The House of Lords is desperately in need of reform. It is outdated, designed not by compromise but by centuries of compromise. It cannot fulfil its purpose. The Conservative-Liberal Democrat government decided to destroy the NHS, with no electoral mandate and despite explicit promises to the contrary. An effective upper chamber would have saved the NHS. The House of Lords failed. Yet the ferocious resistance to Lord’s Reform shows how important even the failed elements of the British state are to the governing elite.
The failure to secure a change to the Alternative Vote system speaks to just how those who benefit from the elite control of the British are totally committed to preventing any change. In short the London government has become a tool for the ultra-wealthy to plunder our common wealth, and it’s hard to see what we can do to stop that. If even a small change to the electoral system is unacceptable, how can we turn the British state around? How can we make the state serve the interests of those who aren’t already billionaires?
We have a government that suggests we cut £25bn from welfare and benefits. It wants to take the vote from unemployed people while cutting the taxes on rich people. It will veto a Robin Hood Tax that would stop financial speculation and raise billions in much needed revenue. It is doing these things not because they are right, but because they suit the rich.

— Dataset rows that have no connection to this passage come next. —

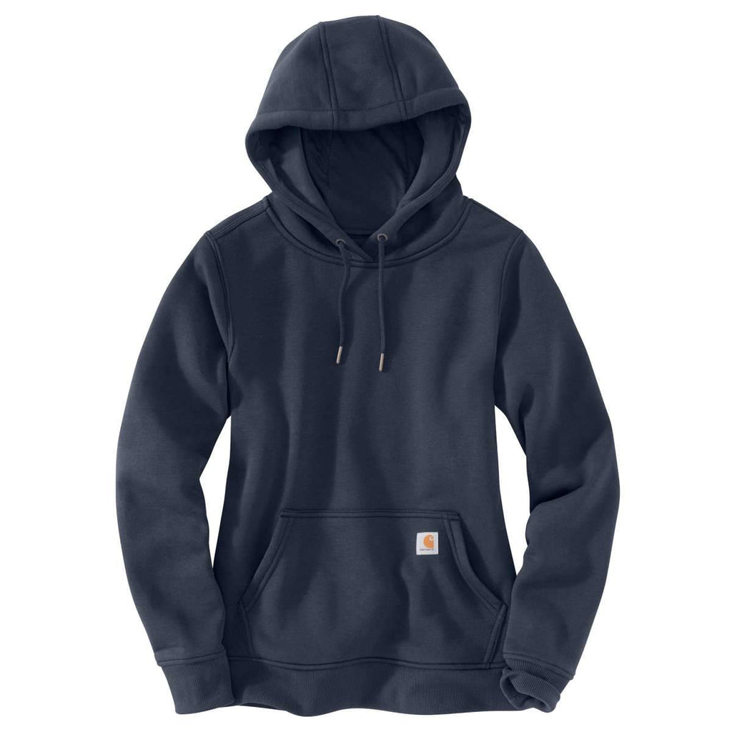 Sweatshirts make a famous workout wardrobe stronghold and with a little bit of customization oomph, they can nail that outdoorsy routine along with displaying your brand's identity such as logo or message. The Carhartt Women's Navy Clarksburg Pullover Sweatshirt is designed to inject energy and life into workwear and workout repertoire with all the warmth and without the bulk. Crafted from heavyweight, Cotton blend in a relaxed fit, this sweatshirt is a sporty favorite for cool-weather seasons. Create a fantastic winter giveaway and spread awareness of your brand by customizing this hoodie with your company's logo.Highlights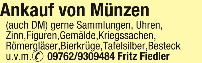 Ankauf von Münzen (auch DM) gerne Sammlungen, Uhren, Zinn, Figuren, Gemälde, Kriegssachen, Römergläser, Bierkrüge, Tafelsilber, Besteck u.v.m.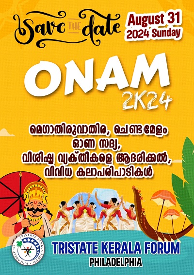 ഫിലാഡൽഫിയ: ട്രൈസ്റ്റേറ്റ് കേരളാ ഫോറം 2024 ലെ ഓണാഘോഷ പരിപാടികൾക്ക് തുടക്കം കുറിച്ച് കൊണ്ട് ഓണാഘോഷ കമ്മിറ്റി പ്രവർത്തനോൽഘാടനവും ടിക്കറ്റ് കിക്ക് ഓഫും ഫിലാഡൽഫിയ സിറോ മലബാർ ഓഡിറ്റോറിയത്തിൽ വച്ച് നടത്തപ്പെട്ടു. പെൺസിൽവാനിയ, ഡെലവർ ന്യൂ ജേഴ്സി ട്രൈസ്റ്റേറ്റ് ഏരിയയിലെ പതിനഞ്ചിൽ പരം മലയാളി സംഘടനകളുടെ ഒരുമയുടെ ആരവമായ ട്രൈസ്റ്റേറ്റ് കേരളാ ഫോറത്തിൻറ്റെ നേതൃത്യത്തിൽ 2024 ഓഗസ്റ് 31 നു ഫിലാഡൽഫിയ സിറോ മലബാർ ഓഡിറ്റോറിയത്തിൽ വച്ച് നടത്തപ്പെടുന്ന ഓണാഘോഷ പരിപാടികൾക്ക് "ആരവം 2024" എന്നാണ് നാമകരണം ചെയ്യപ്പെട്ടിരിക്കുന്നത്.
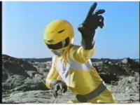 Yellow Ranger leaps up and poises arms to attack. |

I think the clear answer is that we can’t hope to win back the British state. Even a Labour administration is likely to be in the pockets of the same plutocratic elite that is currently doing so much damage. That’s why they won’t commit to reinstating the 50p tax rate on high earners. It’s why they want to keep student fees at £6000 a year. They’re as much a part of a problem as they are a part of the solution. What hope I had for change in the British state that was dashed with Blair’s failures on international policy, democratic reform and, to quote Peter Mandelson “being intensely relaxed about the filthy rich”. We need to leave reforming the British state to the English who control it.
So the only way we can hope to have a better country is to have our own country. A Scottish state would have none of the ‘important traditions’ of the British state like unfair voting systems, or an economy run in the interest of financiers in the City of London. And the dead hand in this context is not the constitutional debate, but the media-political-financial elite in London. Freed from these self-interested actors we can create the state that the many want. We can care for the vulnerable, we can decide how our economy works; we can be the good global citizen that the British state has so comprehensively failed to be.

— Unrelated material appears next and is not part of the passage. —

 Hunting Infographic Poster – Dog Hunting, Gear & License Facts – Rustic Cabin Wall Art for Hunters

While a similar elite exists and will develop in Scotland it has little of the resource or position enjoyed by its equivalent in London. And the stakes are much lower for it. A Scottish elite won’t be defending a bastion of wealthy power. The members of our Scottish elites are much more disparate than their London counterparts. Much of the wealth and influence of the Scottish elite is in London, isolated from Scotland, and therefore much less likely to be able to stop change. Independence will wrong-foot our elite and for a time we will have substantial opportunities to create a state that has equality and justice at its heart.
I’m not naive about how corporate elites will attempt to capture the Scottish state. I don’t believe that independence will make everything better. There will be a Scottish elite similar to the British elite. But there will be much less entrenched advantage for this elite. And independence will make it possible to make things better. We’ll have to fight to win our vision of a Scottish state. It is, though, a fight we can win.